26 de noviembre 2019
The footsteps traced by Father Edwin Roman in Masaya, Nicaragua have been preserved forever in the marble of our enduring memories.
Amid the laments of the mothers imploring the heavens for their unjustly imprisoned children, the figure of Edwin Roman rises, grown gigantic as a source of motivation. The young people are victims of a regime that utilizes an unbridled and unscrupulous repression as a desperate measure, despite realizing that it’s not working for them.
The priest is one of those great pillars that the Church has proportioned this indominable resistance, as has been Monsignor Silvio Baez; Monsignor Rolando Alvarez; Father Jose Idiaquez, rector of the Central American University; Monsignor Abelardo Mata; Father Harving Padilla; Monsignor Jorge Solorzao; Father Rodolfo Lopez, and so many others in different parishes.
These religious figures seem to multiply like loaves and fishes, following in the footsteps of Jesus Christ, that great combatant of injustices, tyrannies, and corruption, defender of the interests of a subjected people who can do nothing in the face of arbitrary rule.
That Jesus Christ who was taken out of the temple by the Pharisees at the service of the Herod court, who abuse power without a chance to wash their hands of their actions as Pilates did.
Whose side would Jesus Christ be on, in this struggle? It’s an unnecessary question since the reply is so obvious.

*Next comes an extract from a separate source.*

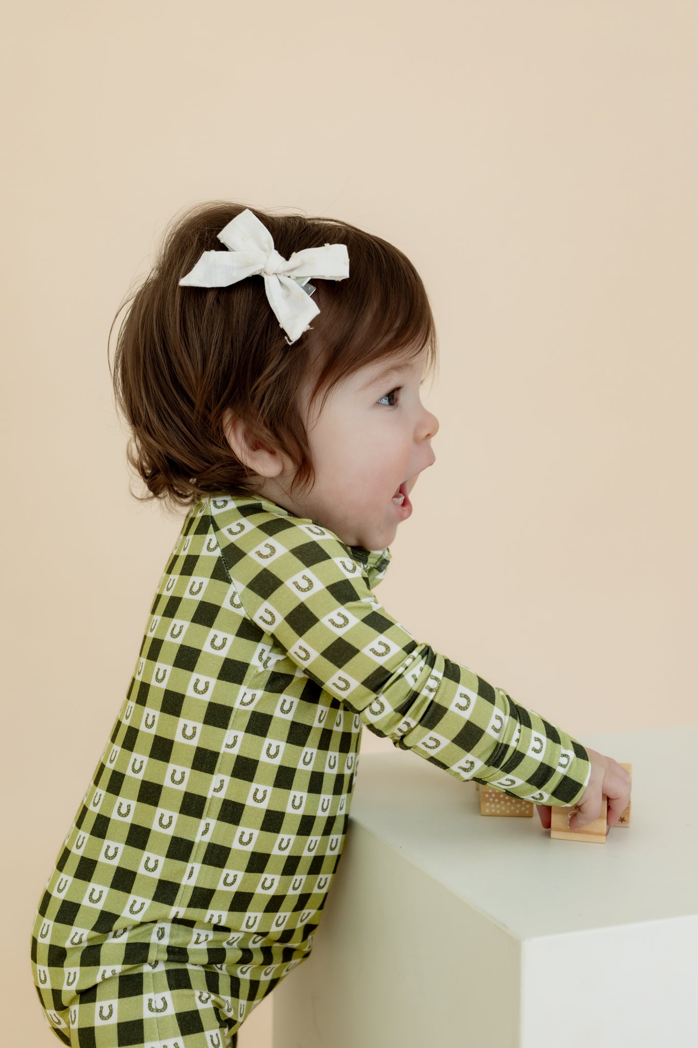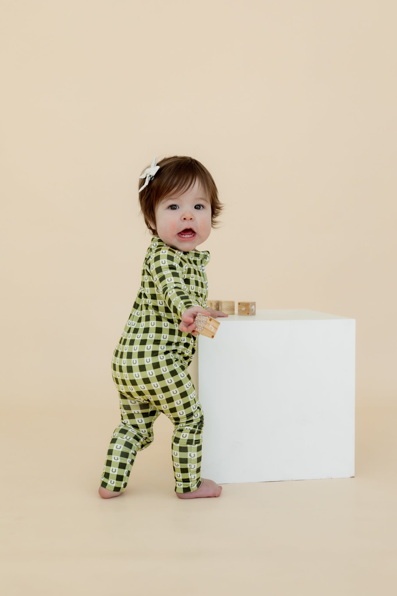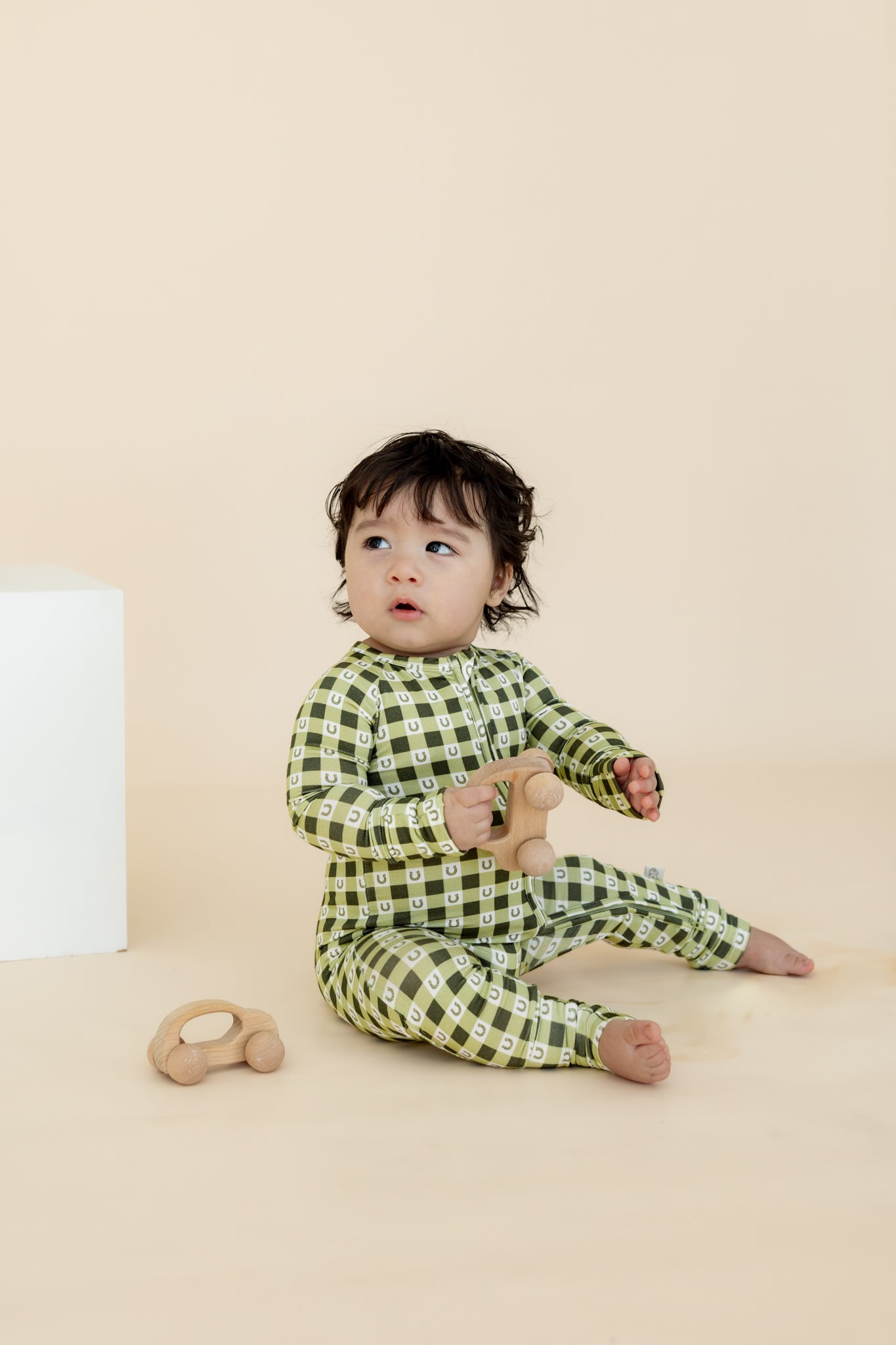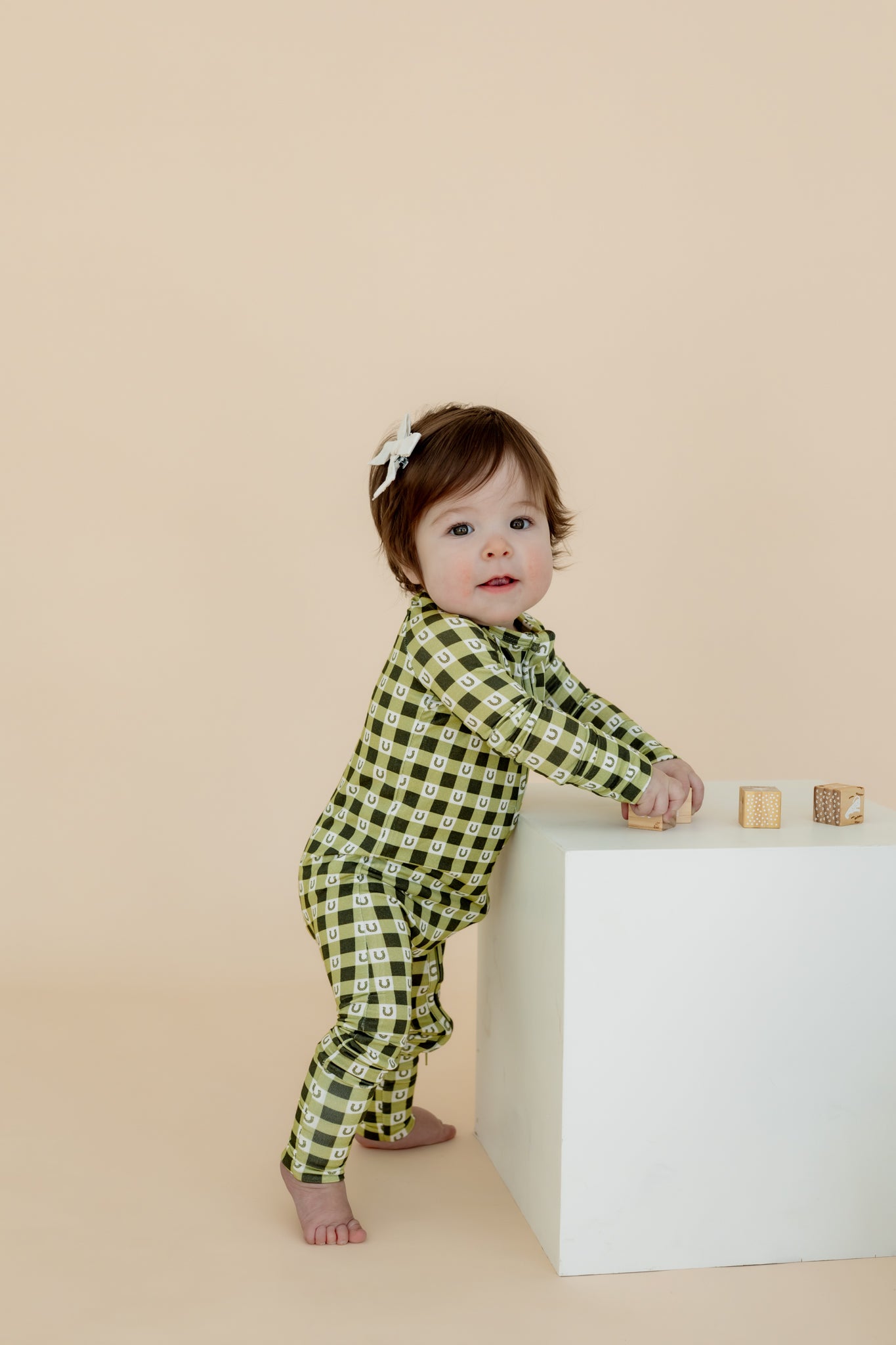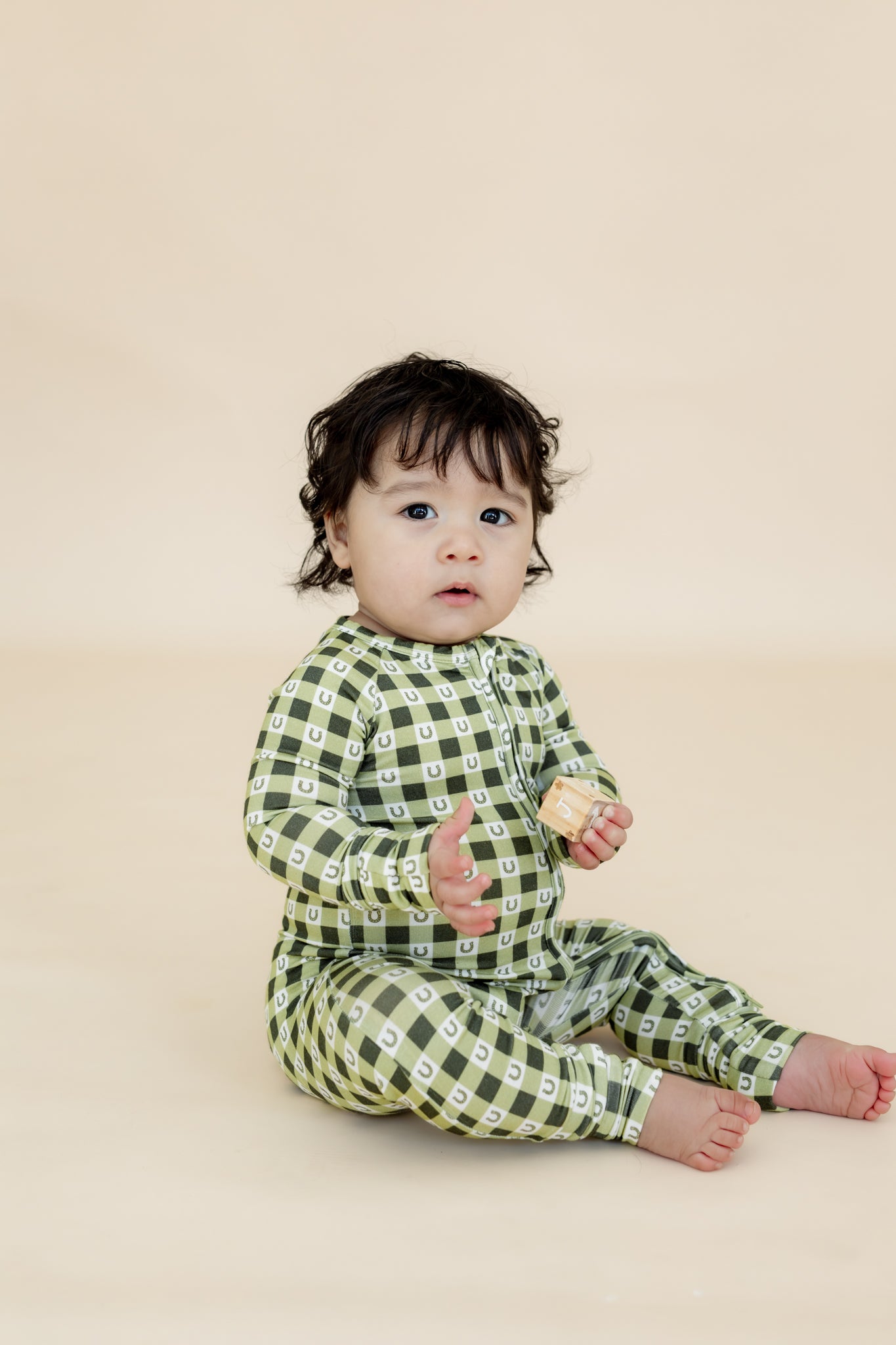 Featuring hand-drawn gingham prints by a local artist, the Lucky Gingham Zipper Sleeper makes everyday wear feel special and adds a playful touch to bedtime.

Nearly a year ago, I was in the Managua Cathedral at a talk from Monsignor Alvarez, in which he discussed what is expected of the Church. Going over the notes I never fail to take, this phrase stands out:
“The Church that Jesus Christ doesn’t want, is a Church that doesn’t criticize the unjust, that rubs elbows with the powerful, that abandons the weak, that shows fear. Jesus Christ doesn’t accept a corrupt Church that influences power, that negotiates or makes pacts, that holds closed-door sessions, that doesn’t lift its voice, that doesn’t assume its commitments to the common people. Jesus Christ expects a Church that demonstrates with its attitudes that it’s on the side of the unprotected; that it’s capable of denouncing the anomalies that others commit, as well as their own anomalies; that isn’t afraid of criticism; that recognizes its sins…”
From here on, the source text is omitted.